Release the fox, jump on your horse!
Tally ho!  Tally ho!
Oh Nicholas, you'll enjoy the feel of blood on your face.
We're hunting in shadows no more
And is this really just a metaphor?

Friday 7 May 2010

The Job That Dare Not Speak Its Name

'What is it you do?  What's your line of employment?
A question I answer with less than enjoyment,
For when a new acquaintance asks that of me
I blush, then I grunt, then I answer.........'I.T.'
'Oh he's just acting shy, he's a guru, a whizz-kid!'
Oh no, there's a reason I'm seldom hubristic:
Your first impression is 'boring and square',
It's ok, I agree, it's a view that I share.

Saturday 1 May 2010

Oleaginous

A rotund creep in an ill-fitting suit
Tried his luck with a lass at the bar.
'Well hello there, aren't you terribly cute?
Can I give you a lift in my car?'

'You greasy git, not on your life!'
She replied with egregious sneer.
'Get away from me and back to your wife.'
'I will when I've finished my beer!'

Friday 30 April 2010

Shooting Birds at the Airport

While walking to work today I was surprised to hear gunfire coming from the airport runway that I pass on my right.  Now, although "shooting birds at the airport" is not yet an official job description (although many list it as a dream occupation), shots are still fired on occasion to scare non-itinerant birds.  Here is a poem regarding what may happen if the birds fight back:

A solitary watchful crow on a stile,
Surveyed all around with a satisfied smile.
When a buck-toothed youth with malevolent charge,
Through a shotgun sight did the lone crow regard.
Yet his aim was as poor as his mind was opaque,
And with relative ease the lone crow escaped.
He sent out the word and fellow crows flocked,
And this murderous murder hatched a neat plot.
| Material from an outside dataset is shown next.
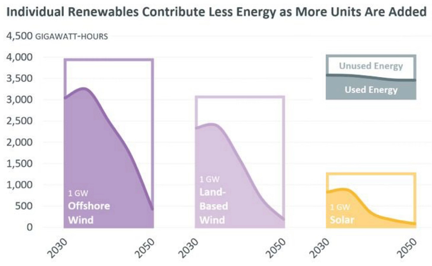 This suggests deploying energy storage to fill in those gaps. However, even the value of four- and eight-hour energy storage will start to fall as those “marginal” hours also get saturated, leaving only that last 25%, then 10%, then 5% of hours of the weakest intermittent generation chasing the most demand.
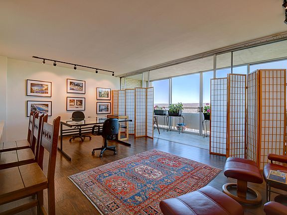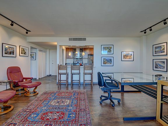 This gorgeous 1 Bedroom and 1 Bath home is yours from a desirable historic downtown Albuquerque metro neighborhood. Enjoy breathtaking unobstructed West facing views from the Living Room across Country Club area to the Volcanoes. The Kitchen is a chef's delight which includes a Breakfast Bar that opens to the Living/Dining Room. No Carpet. Flooring renovated throughout with Wood and Slate Tiles, and the Bath and Shower were meticulously updated. HOA covers all utilities, building upkeep, covered reserved secure gated parking. Each floor has its own Laundry, and extra secure storage. 24-hour Security and Concierge Desk accommodates all visitors and deliveries. Easy access to Old Town, Downtown, UNM, Hospitals, KAFB, and Sandia Labs. Home is move in ready.

'We're being hunted down and we do not know why.'
'I know,' sounded one, 'it's those things in the sky,
The humans want none of us blocking its path.
If you get in the way then you've cawed your last!
But if we all flock together, attack it up there,
We can take this great bird out with speed and with flair!'
'It just might work' cawed the leader with scorn,
And the kamikaze crow squadron was formed.

So this doomed squad of heroes, all fuelled by vengeance
Flew alongside the plane then straight into the engines.
One engine clogged up and the rest followed suit,
'Mayday' screamed the Captain and looked for his 'chute.
And the plane started hurtling down to the ground
And soon all was silent, save for the sound
Of a solitary watchful crow on the stile,
Surveying the crash with a satisfied smile.

Wednesday 21 April 2010

Liev Schreiber Met Justin Bieber

Liev Schreiber met Justin Bieber going to the fair.
Said Liev Schreiber to Justin Bieber 'what have you got there?'
Jeepers Schreiber! Brothel creepers! You see, they're back in fashion
I take my style tips seriously, you could say it was a passion.
'I see' said Schreiber pensively, 'then perhaps you'll answer this...
Is there a soul above the age of ten who knows that you exist?'
'Of course not' laughed the Bieber, 'I'm pure imagination!'
'Please keep it that way' grumbled Liev, 'you're nowt but irritation!'

Bowled Over by Duckworth & Lewis

Despatching a Yorker, off-stump to mid-wicket
These two men we grant our accord
Duckworth and Lewis' gay tales of cricket
Will storm the Novello awards

They'll beat Dizzee Rascal and Paolo Nutini
We'll joyfully drink to their health
With a toast of a Scotch or a large Martini
To the sound of Novello himself

The Button

So, it was suicide. We all knew it was suicide. To say John had been miserable this past month since Suzanne left him would be an understatement – he had become a wretched human being. He had lost his strut, that confident swagger; in its place the stooped gait of a geriatric. With this in mind, it’s a wonder he ever managed to climb to the top of the tower block in the first place.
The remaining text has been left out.